O mesmo ocorre inversamente com vários cientistas, tais como: o astrofísico francês Jean Pierre Luminet (1951-), o cosmólogo budista de origem vietnamita Trinh Xuan Thuan (1948-), assim como o biólogo belga Christian de Duve (1917-), prêmio Nobel da Medicina, que têm assumido, publicamente, essa aproximação, seja entre as atividades dos artistas e dos poetas. Por outro lado, constatamos também que a ciência se aproxima sistematicamente da visualização gráfica para representar seus objetos de estudos. Esse novo movimento artístico emerge não somente de uma relação cultural com a ciência, sobretudo humana, mas se volta para as ciências mais inovadoras e exploradoras do universo da vida. Os cientistas do início do século XX eram interessados na aplicação da psicanálise na arte surrealista; a psicologia na arte abstrata; a psiquiatria na arte dos ?doentes mentais?; a lingüística e a epistemologia na arte conceitual; a sociologia e as ciências da comunicação na arte sociológica; a etnologia nas artes primitivas.
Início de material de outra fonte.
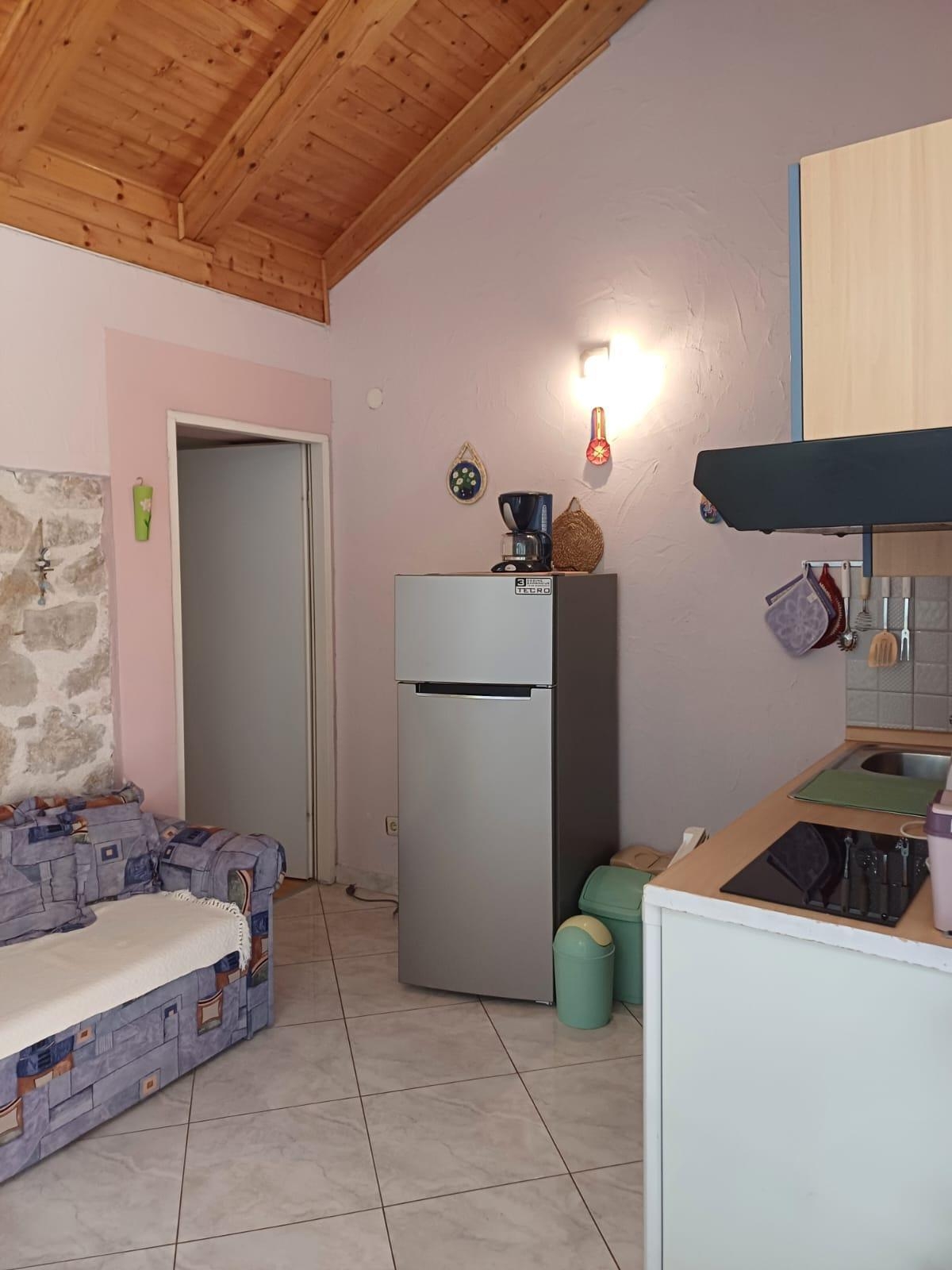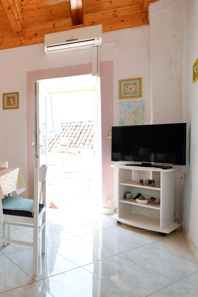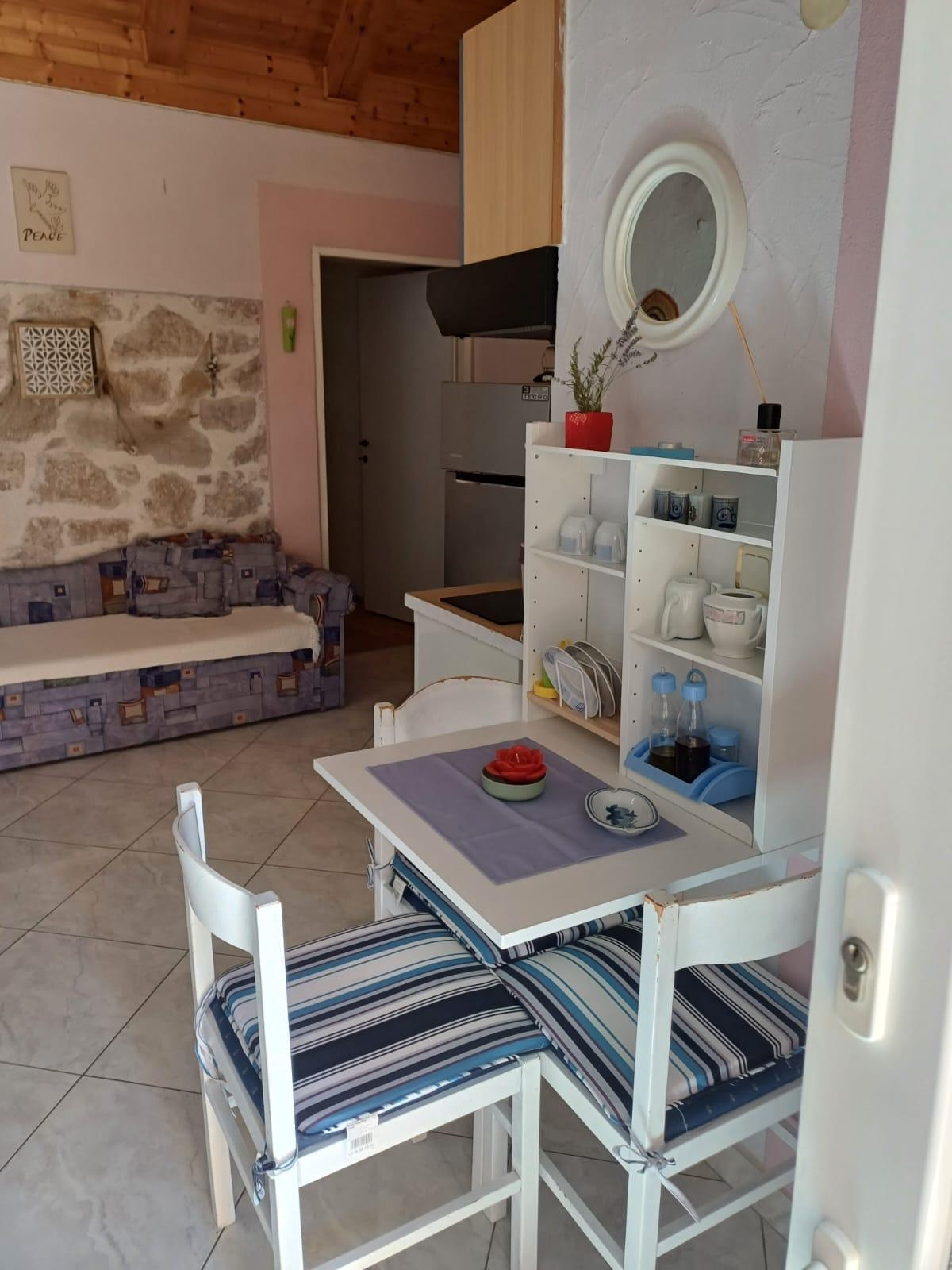 Apartment can accommodate 3 guests. Beds are situated in 1 sleeping rooms, but also in the living room, within 25m2. Guests can use a private terrace to enjoy the warm summer evenings. The apartment offers the sea view. Food can be prepared using barbecue which is shared with other guests too. This accommodation unit welcomes pets at an additional charge. INCLUDED IN THE PRICE: tourist tax, final cleaning, parking, internet, iron, ironing board, hairdryer, portable barbecue. OBLIGATORY ADDITIONAL COSTS: short stay fee (surcharge depending on a number of booked nights: 30% - 1, 20% - 2, 10% - 3). OPTIONAL ADDITIONAL COSTS: air-conditioning (€10.00 per night), laundry (€8.00 washing), pets (€20.00 per night). The availability of additional services for your chosen dates of stay, as well as their prices (if none are listed) must be checked ahead of time. Any additional services not shown in the price calculation are payable directly to the property owner and only if used by the visitor.

Hoje, a maioria se volta para as ciências chamadas exatas, tais como a física quântica, as matemáticas, as linguagens programadas e os algoritmos, as pesquisas biológicas e as manipulações genéticas, as simulações e modelizações virtuais do espaço, dos objetos, a tele-presença, a nanotecnologia, a neurologia. A partir de agora, os artistas se ocupam das artes matemáticas, da bioarte, da espaçoarte ou arte espacial, da arte ambiental, da arte telemática, da arte do caos etc. A transdiversidade cultural parece conduzi-los às barreiras e as mídias emergentes das inovações técnico-científicas. Convém salientar a exigência de um maior rigor em certas formas de arte, às vezes equivalente à do mundo da ciência. Esses métodos e atitudes parecem diferentes; mas o questionamento em relação ao mundo e à vida conduzem tanto os artistas quanto os cientistas a uma mesma visão do cosmo. (RRFM)
Ronaldo Rogério de Freitas Mourão é astrônomo, autor de mais de 85 livros.